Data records
+-------+
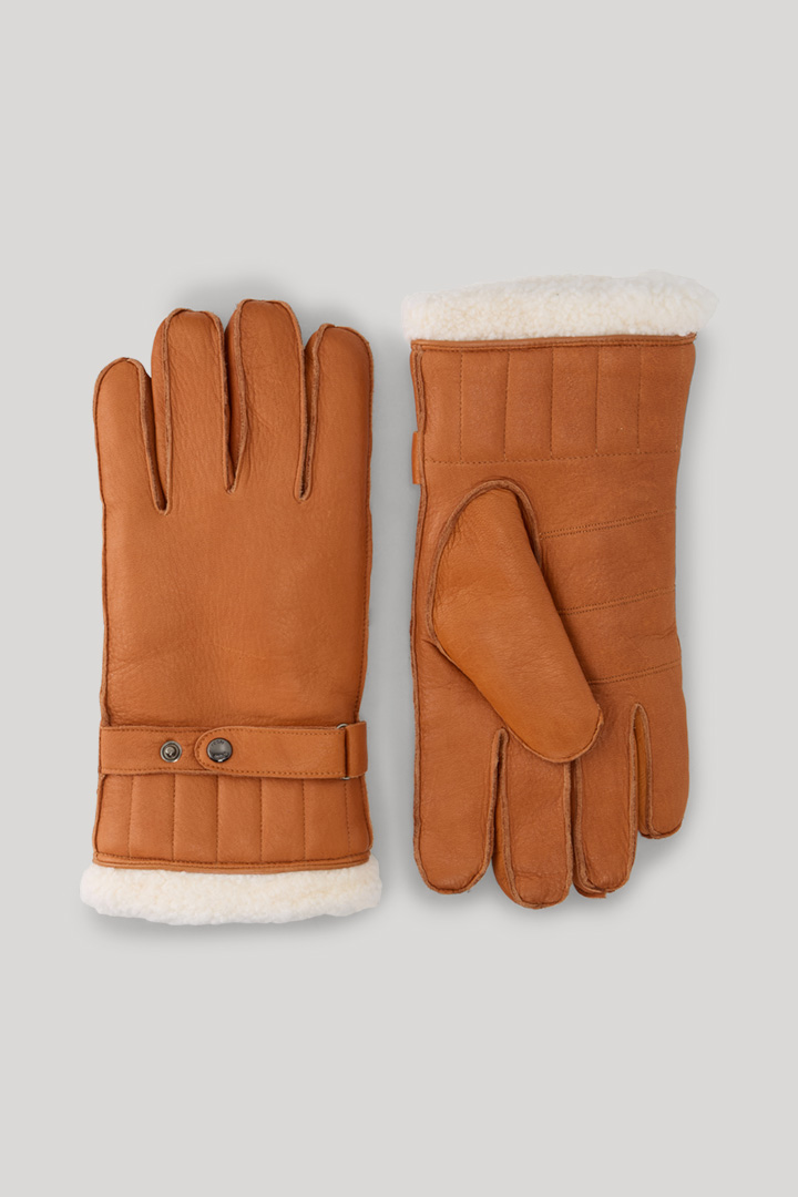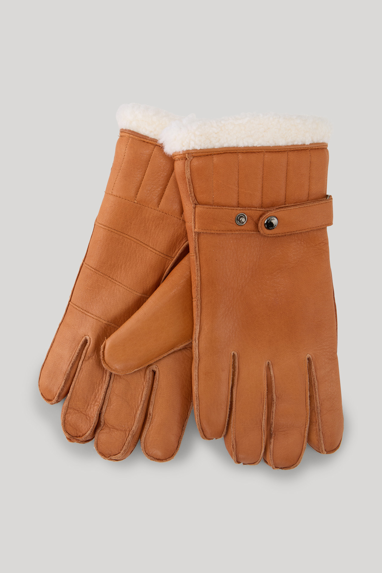 Als edle Statement-Pieces begeistern die Handschuhe aus glattem Hirschleder mit komfortablem Lammfell-Futter. Für ein stilvolles Finish sorgen feine Ziernähte, offene Kanten und ein verstellbarer Druckknopfriegel am Schaft.
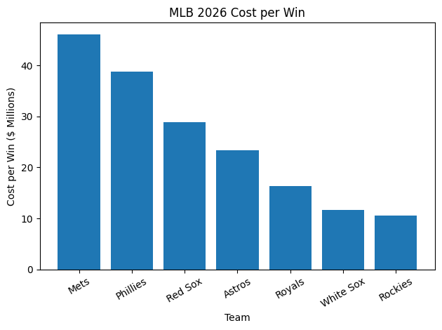 The Colorado Rockies are the most “efficient” here (not amazing, but least wasteful). The New York Mets are in a completely different universe—spending 4–5x more per win than the Rockies. There’s a $35M gap per win between top spender inefficiency and bottom spender efficiency.
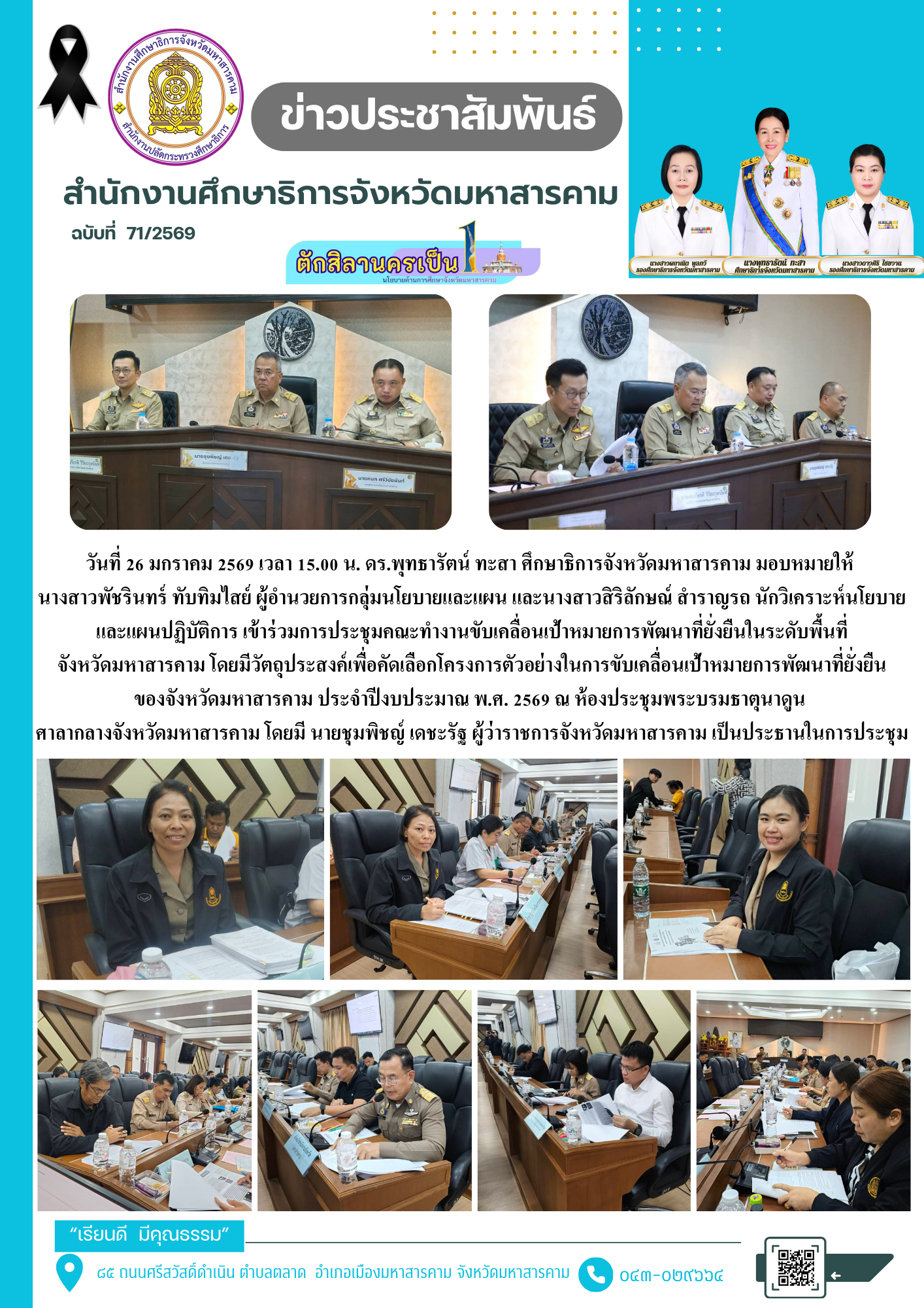 กิจกรรม วันที่ 26 มกราคม 2569 เวลา 15.00 น. ดร.พุทธารัตน์ ทะสา ศึกษาธิการจังหวัดมหาสารคาม มอบหมายให้ นางสาวพัชรินทร์ ทับทิมไสย์ ผู้อำนวยการกลุ่มนโยบายและแผน และนางสาวสิริลักษณ์ สำราญรถ นักวิเคราะห์นโยบายและแผนปฏิบัติการ เข้าร่วมการประชุมคณะทำงานขับเคลื่อนเป้าหมายการพัฒนาที่ยั่งยืนในระดับพื้นที่ จังหวัดมหาสารคาม โดยมีวัตถุประสงค์เพื่อคัดเลือกโครงการตัวอย่างในการขับเคลื่อนเป้าหมายการพัฒนาที่ยั่งยืน ของจังหวัดมหาสารคาม ประจำปีงบประมาณ พ.ศ. 2569 ณ ห้องประชุมพระบรมธาตุนาดูน ศาลากลางจังหวัดมหาสารคาม โดยมี นายชุมพิชญ์ เดชะรัฐ ผู้ว่าราชการจังหวัดมหาสารคาม เป็นประธานในการประชุม Posted on 28 January 2026 by admin admin วันที่ 26 มกราคม 2569 เวลา 13.30 น. ดร.พุทธารัตน์ ทะสา ศึกษาธิการจังหวัดมหาสารคาม มอบหมายให้ นางสาวพัชรินทร์ ทับทิมไสย์ ผู้อำนวยการกลุ่มนโยบายและแผน เข้าร่วมประชุมการจัดโครงการ/กิจกรรม บริเวณริมคลองสมถวิล ให้เป็น Landmark ของเมืองมหาสารคาม ครั้งที่ 1/2569 โดยมีวัตถุประสงค์ เพื่อพิจารณา ร่างปฏิทินการจัดโครงการ/กิจกรรมดังกล่าว ณ ห้องประชุมอเนกประสงค์ เทศบาลเมืองมหาสารคาม จังหวัดมหาสารคาม โดยมี นายภาคิน ติระพงศ์ไพบูลย์ นายกเทศมนตรีเมืองมหาสารคาม เป็นประธานในการประชุม วันอังคารที่ ๒๗ มกราคม ๒๕๖๙ เวลา ๑๓.๓๐ น. ดร. พุทธารัตน์ ทะสา ศึกษาธิการจังหวัดมหาสารคาม พร้อมด้วย นางสาวพัชรินทร์ ทับทิมไสย์ ผู้อำนวยการกลุ่มนโยบายและแผน และนางสาวไอยรา สังฆะ นักวิเคราะห์นโยบาย และแผนชำนาญการ เข้าร่วมประชุมคณะกรรมการร่วมภาครัฐและเอกชนเพื่อพัฒนาและแก้ไขปัญหาทางเศรษฐกิจจังหวัดมหาสารคาม (กรอ.จังหวัดมหาสารคาม) ครั้งที่ ๑/๒๕๖๙ เพื่อขับเคลื่อนโครงการมหกรรมวิทยาศาสตร์ และศิลปหัตถกรรมอีสานตักสิลานครเพื่อน้อมรำลึกในพระมหากรุณาธิคุณของสมเด็จพระนางเจ้าสิริกิติ์ พระบรมราชินีนาถ พระบรมราชชนนีพันปีหลวง ซึ่งเป็นโครงการที่ดำเนินการร่วมกับสภาอุตสาหกรรมท่องเที่ยวจังหวัดมหาสารคาม ณ ห้องประชุม ๔๐๙ ชั้น ๔ ศาลากลางจังหวัดมหาสารคาม โดยมี นายชุมพิชญ์ เดชะรัฐ ผู้ว่าราชการจังหวัดมหาสารคาม เป็นประธาน
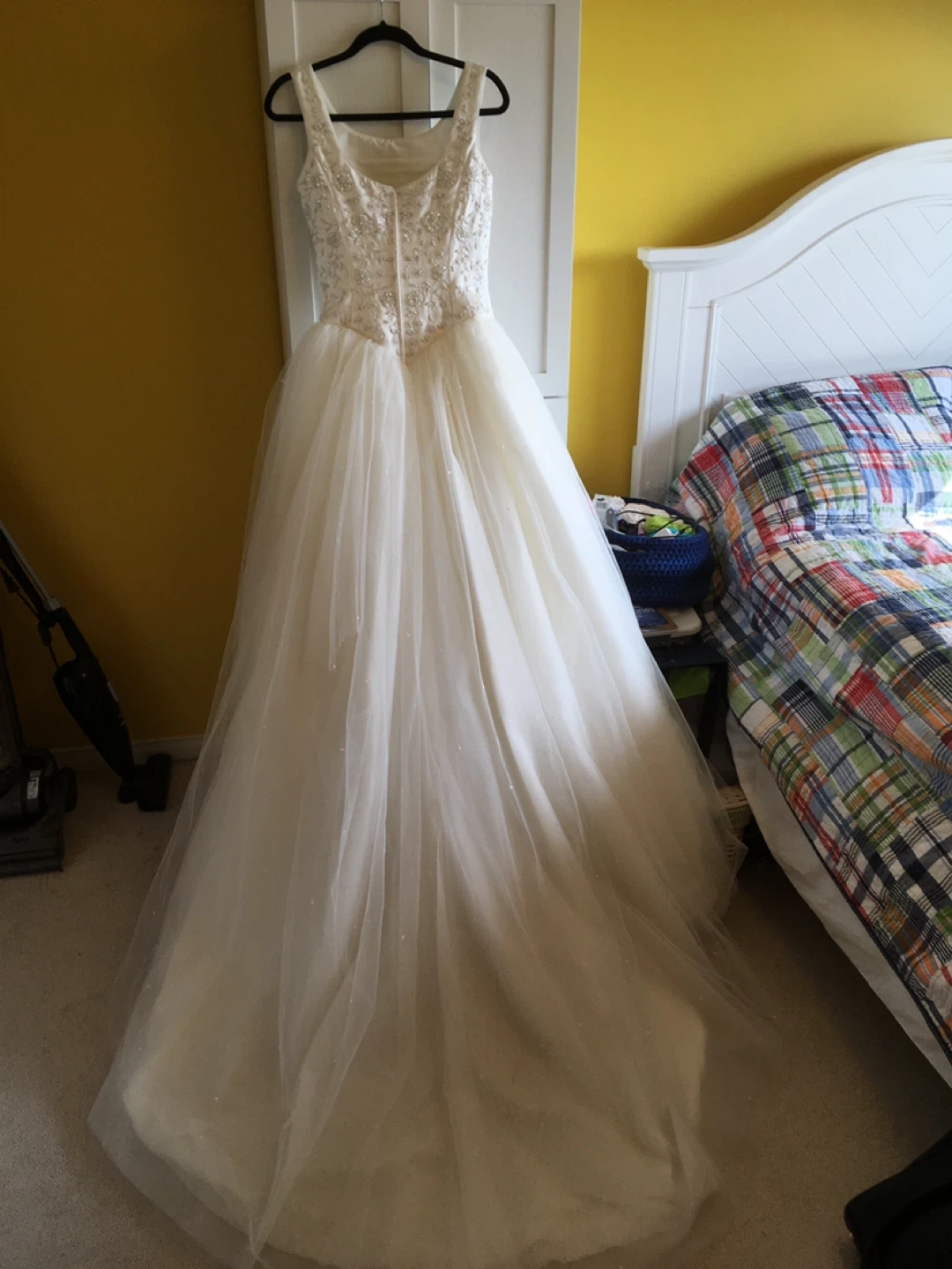 Beautiful sleeveless wedding dress with intricate beadwork on the bodice. It features a full tulle skirt with scattered pearl accents. This dress is ready for your special day!
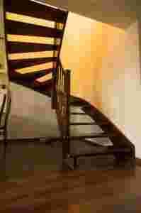 Przedstawione poniżej zdjęcia dotyczą schodów o konstrukcji samonośnej, wykonane z drewna bukowego bejcowanego. Schody dwuzabiegowe obustronnie wpuszczane w policzki, balustrady z wypełnieniem tralkami drewnianymi toczonymi.
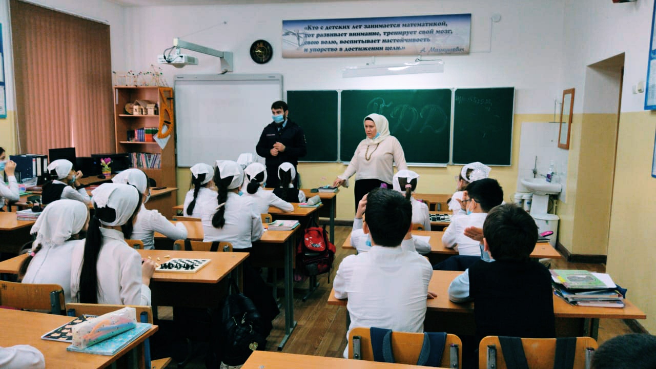 Сегодня в МБОУ "СОШ №20 им. М.С.Ташухаджиева" г.Грозного прошла беседа с учащимися младших классов по профилактике дорожного движения.
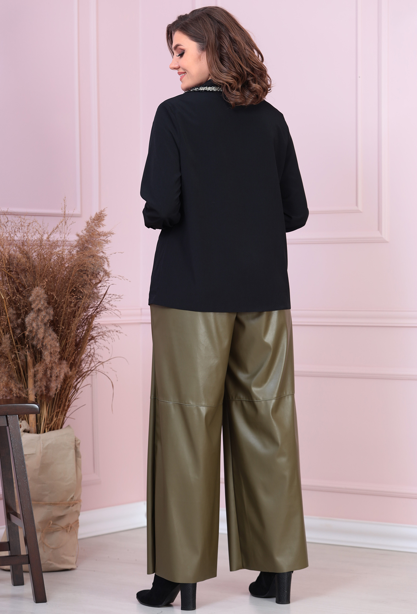 Брюки выполнены из кожи. Брюки с завышенной талией, прямые, широкие. По передним половинкам в области талии выполнены складки, карманы и по среднему шву застежка на молнию. По центру передней половинки по линии талии выполнен декоративный элемент в виде пояса с карабином. Задняя часть брюк по талии на резинке.
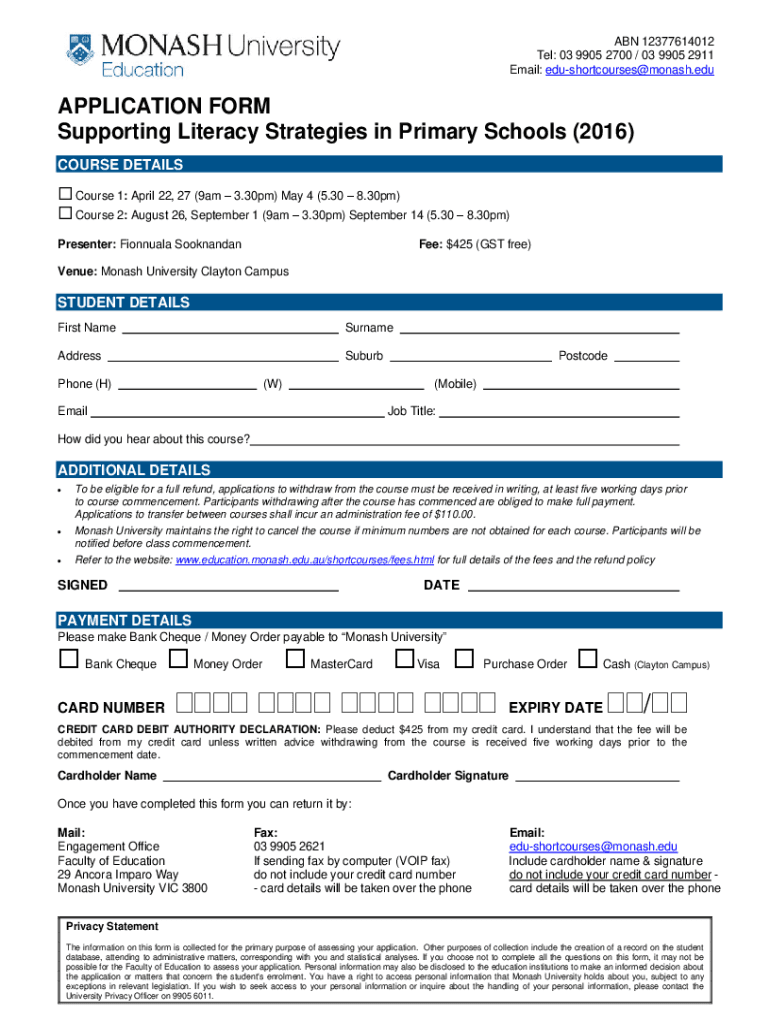 ABN 12377614012 Tel: 03 9905 2700 / 03 9905 2911 Email: edushortcourses Monash. Application FORM Supporting Literacy Strategies in Primary Schools (2016) COURSE DETAILS Course 1: April 22, 27 (9am
+-------+
Reproduce each entry word for word and cut the images.

 Als edle Statement-Pieces begeistern die Handschuhe aus glattem Hirschleder mit komfortablem Lammfell-Futter. Für ein stilvolles Finish sorgen feine Ziernähte, offene Kanten und ein verstellbarer Druckknopfriegel am Schaft.
 The Colorado Rockies are the most “efficient” here (not amazing, but least wasteful). The New York Mets are in a completely different universe—spending 4–5x more per win than the Rockies. There’s a $35M gap per win between top spender inefficiency and bottom spender efficiency.
 กิจกรรม วันที่ 26 มกราคม 2569 เวลา 15.00 น. ดร.พุทธารัตน์ ทะสา ศึกษาธิการจังหวัดมหาสารคาม มอบหมายให้ นางสาวพัชรินทร์ ทับทิมไสย์ ผู้อำนวยการกลุ่มนโยบายและแผน และนางสาวสิริลักษณ์ สำราญรถ นักวิเคราะห์นโยบายและแผนปฏิบัติการ เข้าร่วมการประชุมคณะทำงานขับเคลื่อนเป้าหมายการพัฒนาที่ยั่งยืนในระดับพื้นที่ จังหวัดมหาสารคาม โดยมีวัตถุประสงค์เพื่อคัดเลือกโครงการตัวอย่างในการขับเคลื่อนเป้าหมายการพัฒนาที่ยั่งยืน ของจังหวัดมหาสารคาม ประจำปีงบประมาณ พ.ศ. 2569 ณ ห้องประชุมพระบรมธาตุนาดูน ศาลากลางจังหวัดมหาสารคาม โดยมี นายชุมพิชญ์ เดชะรัฐ ผู้ว่าราชการจังหวัดมหาสารคาม เป็นประธานในการประชุม Posted on 28 January 2026 by admin admin วันที่ 26 มกราคม 2569 เวลา 13.30 น. ดร.พุทธารัตน์ ทะสา ศึกษาธิการจังหวัดมหาสารคาม มอบหมายให้ นางสาวพัชรินทร์ ทับทิมไสย์ ผู้อำนวยการกลุ่มนโยบายและแผน เข้าร่วมประชุมการจัดโครงการ/กิจกรรม บริเวณริมคลองสมถวิล ให้เป็น Landmark ของเมืองมหาสารคาม ครั้งที่ 1/2569 โดยมีวัตถุประสงค์ เพื่อพิจารณา ร่างปฏิทินการจัดโครงการ/กิจกรรมดังกล่าว ณ ห้องประชุมอเนกประสงค์ เทศบาลเมืองมหาสารคาม จังหวัดมหาสารคาม โดยมี นายภาคิน ติระพงศ์ไพบูลย์ นายกเทศมนตรีเมืองมหาสารคาม เป็นประธานในการประชุม วันอังคารที่ ๒๗ มกราคม ๒๕๖๙ เวลา ๑๓.๓๐ น. ดร. พุทธารัตน์ ทะสา ศึกษาธิการจังหวัดมหาสารคาม พร้อมด้วย นางสาวพัชรินทร์ ทับทิมไสย์ ผู้อำนวยการกลุ่มนโยบายและแผน และนางสาวไอยรา สังฆะ นักวิเคราะห์นโยบาย และแผนชำนาญการ เข้าร่วมประชุมคณะกรรมการร่วมภาครัฐและเอกชนเพื่อพัฒนาและแก้ไขปัญหาทางเศรษฐกิจจังหวัดมหาสารคาม (กรอ.จังหวัดมหาสารคาม) ครั้งที่ ๑/๒๕๖๙ เพื่อขับเคลื่อนโครงการมหกรรมวิทยาศาสตร์ และศิลปหัตถกรรมอีสานตักสิลานครเพื่อน้อมรำลึกในพระมหากรุณาธิคุณของสมเด็จพระนางเจ้าสิริกิติ์ พระบรมราชินีนาถ พระบรมราชชนนีพันปีหลวง ซึ่งเป็นโครงการที่ดำเนินการร่วมกับสภาอุตสาหกรรมท่องเที่ยวจังหวัดมหาสารคาม ณ ห้องประชุม ๔๐๙ ชั้น ๔ ศาลากลางจังหวัดมหาสารคาม โดยมี นายชุมพิชญ์ เดชะรัฐ ผู้ว่าราชการจังหวัดมหาสารคาม เป็นประธาน
 Beautiful sleeveless wedding dress with intricate beadwork on the bodice. It features a full tulle skirt with scattered pearl accents. This dress is ready for your special day!
 Przedstawione poniżej zdjęcia dotyczą schodów o konstrukcji samonośnej, wykonane z drewna bukowego bejcowanego. Schody dwuzabiegowe obustronnie wpuszczane w policzki, balustrady z wypełnieniem tralkami drewnianymi toczonymi.
 Сегодня в МБОУ "СОШ №20 им. М.С.Ташухаджиева" г.Грозного прошла беседа с учащимися младших классов по профилактике дорожного движения.
 Брюки выполнены из кожи. Брюки с завышенной талией, прямые, широкие. По передним половинкам в области талии выполнены складки, карманы и по среднему шву застежка на молнию. По центру передней половинки по линии талии выполнен декоративный элемент в виде пояса с карабином. Задняя часть брюк по талии на резинке.
 ABN 12377614012 Tel: 03 9905 2700 / 03 9905 2911 Email: edushortcourses Monash. Application FORM Supporting Literacy Strategies in Primary Schools (2016) COURSE DETAILS Course 1: April 22, 27 (9am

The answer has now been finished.